GraphQL Federation with Ballerina and Apollo - Part II
Thisaru Guruge
Posted on July 10, 2024
This article was written using Ballerina Swan Lake Update 8 (2201.8.0)
This is part II of the series "GraphQL Federation with Ballerina and Apollo". Refer to Part I before reading this.
In the first part, we discussed the GraphQL federation concepts and how to implement federated GraphQL API using Ballerina and Apollo Studio. In this part, we will discuss how to implement Entity
types and ReferenceResolvers
in Ballerina. Further, we will briefly discuss how to handle authentication and authorization in a federated GraphQL API.
Adding Federated Fields
We have intentionally left some fields from the subgraph implementations. This is to simplify the supergraph creation process. Now that we have a working supergraph, we can add the missing fields. The beauty of the GraphQL federation is that it reduces the duplication of types. As per our initial GraphQL API, there are types with fields spread across the subgraphs. To add these fields, you need to implement the subgraphs with federation-specific functionalities.

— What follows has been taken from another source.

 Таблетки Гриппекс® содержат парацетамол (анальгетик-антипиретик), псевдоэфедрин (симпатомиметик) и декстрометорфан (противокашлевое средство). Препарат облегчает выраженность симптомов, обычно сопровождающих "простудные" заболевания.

Note: In GraphQL federation, you can compose individual, isolated subgraphs into a federated GraphQL schema, as we have done so far. Currently, all our subgraphs are standalone GraphQL services. But to add federation-specific functionalities, we need to mark them specifically as subgraphs.
Updating Subgraphs to Federated Subgraphs
The ballerina/graphql.subgraph
module consists of the functionalities for GraphQL federation. To use these functionalities, you need to import the ballerina/graphql.subgraph
module. Then you can mark your GraphQL service as a subgraph using the subgraph:Subgraph annotation.

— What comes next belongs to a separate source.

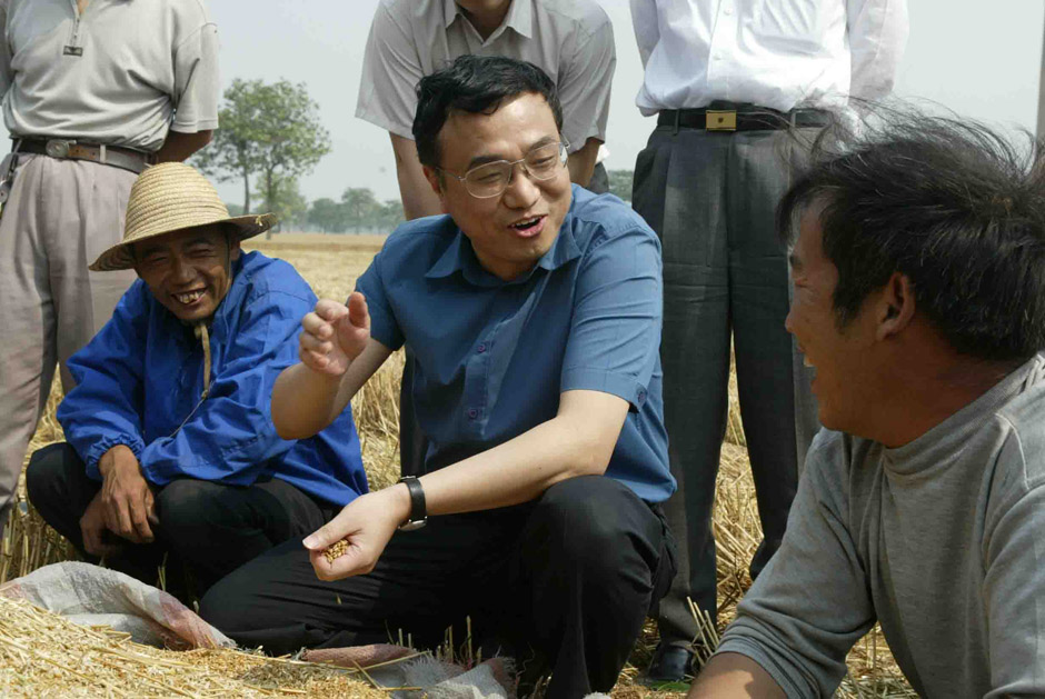 2003年6月4日,李克强在河南鹤壁市调研。图为李克强在淇县桥盟乡七里堡村的麦田里向当地农民了解麦收情况。史家民 摄

Marking the Products Subgraph as a Federated Subgraph
You need to do the following things:
- Mark the Products subgraph as a federated subgraph
- Mark the Product type as an Entity type
- Provide a ReferenceResolver for the Product type
First, to mark the Products subgraph as a federated subgraph, you need to add the @subgraph:Subgraph
annotation to the GraphQL service.
Following is the updated GraphQL service code in the Products subgraph.
import ballerina/graphql;
import ballerina/graphql.subgraph;
@subgraph:Subgraph
service graphql:Service on new graphql:Listener(9091) {
// ...
}
Basically, what you need to do is to import the ballerina/graphql.subgraph
module and add the @subgraph:Subgraph
annotation to your existing GraphQL service.
Now that the product subgraph is marked as a subgraph, we can mark our Product type as an Entity
type.
To mark the Product
type as an entity, you need to update the Product
type as an Entity
type and add a ReferenceResolver
for the Product
type. Following is the updated Product type definition:
import product_subgraph.datasource;
import ballerina/graphql;
import ballerina/graphql.subgraph;
@subgraph:Entity {
key: "id",
resolveReference: resolveProduct
}
public type Product record {|
// same as before
}
isolated function resolveProduct(subgraph:Representation representation) returns Product|error {
string id = check representation["id"].ensureType();
return datasource:getProduct(id);
}
Using this, we state that the Product
type is an Entity
in the federated supergraph, which is to say that this type might have fields included from the other subgraphs. For an Entity
, there should be a key
to uniquely identify a particular value of that entity type. For the router to identify these specific values, you need to provide which field acts as the key for this entity type. In this case, the id
field is used as the key
. The rest of the type definition remains the same.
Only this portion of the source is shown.